Arguing a proposed “safety” improvement to the Malahat will actually make highway access from their neighbourhood more dangerous, a group of Aspen Road area residents has filed a petition in B.C. Supreme Court to stop the work and have the intersection redesigned.

“It’s very frustrating,” said Bill Eller, who filed the petition on behalf of about 35 homeowners in the Aspen Road area, just south of the Malahat Village.

“We’ve got compelling safety arguments, and that’s all we’re arguing.

“There’s nothing in the conversation about convenience or nuisance or anything like that.”

The province announced on July 27 a $34-million project to expand five kilometres of the highway to four lanes with wider shoulders, add three kilometres of median barrier and install new lighting, a new turnaround and improved access.

Vehicles entering the highway at Aspen Road can now turn right to head north, or left across two northbound lanes to get to the single southbound lane.

Planned changes will add a second southbound lane, but there will be no left-hand turns from Aspen Road onto the highway. Vehicles wanting to travel south will need to turn right, cross to a centre turn lane, go 800 metres to a new turnaround, cross two lanes of southbound traffic, and then merge into southbound traffic.

“Our argument is that it’s, on the whole, more dangerous in the sense that we’ll have a [new] acceleration lane when we come out of Aspen Road on the right turn.

“Then we have to merge into the slow lane, and then we have to merge into the fast lane, and then we have to leave the highway into a left-turn lane,” Eller said

“Then we have to cross two southbound lanes of unrestrained traffic in a compound curve with marginal sightlines.”

The residents believe it would be safer to either put a signal at the proposed turnaround or install a “protected T” intersection at Aspen Road.
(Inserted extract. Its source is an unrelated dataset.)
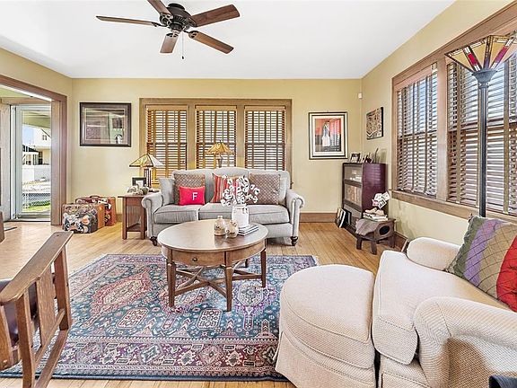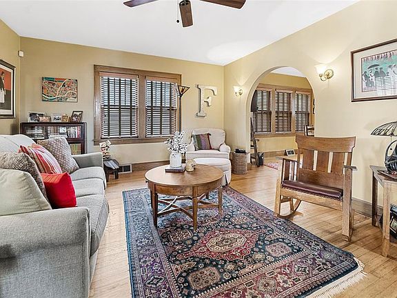 As you walk onto the covered front porch you get a feel for the charm of this 1930's crafted home. The original front door leads you into a comfortably sized foyer that has a large closet to hang up all your coats. The archway leads you into a good sized living room with original hardwood floors and arches to the dining room. The triple window in dining room has the same custom shutters as the living room. The kitchen has stainless steel appliances and a little breakfast nook. The backyard has privacy fencing around three sides and is bordered by the 2 car garage. The second floor bedrooms are all hardwood floors. The master bedroom has a nice sized walk-in closet.

That would permit drivers to cross the two lanes of northbound traffic as they do now, but enter a southbound “refuge” lane to help them merge from the centre of the highway into the fast lane of southbound traffic.

Another resident, who didn’t want her name used, said the current design will leave the Aspen Road residents attempting to cross two lanes of southbound traffic, often during rush hour, at the spot where Dave Paulin died Nov. 18, 2015, when his southbound car was struck by a northbound pickup that crossed the centre line near Malahat Village.

“It’s a much lesser site than what we have at Aspen Road, [with] poorer sightlines and much steeper elevation lines.,” she said.

“We are going to be the only neighbourhood between Victoria and Nanaimo that is going to be forced into all on-the-highway manoeuvring and into a situation that we unanimously perceive to be far more dangerous for us,” she said.

The residents say in the petition there was only minimal consultation, that the province failed to give the residents written notice of its plans for the intersection, and that the proposed design is contrary to public safety best practices.

Mike Hicks, who represents the residents in his sprawling Juan de Fuca Electoral Area, said the ministry’s one-size-fits-all policy is wrong.

“The bottom line is that they want safety and they want to be able to turn to get to Victoria,” Hicks said.

The province had not filed a response to the petition by Monday. Because of the delay while the province awaits election results, a ministry spokesperson could offer no comment.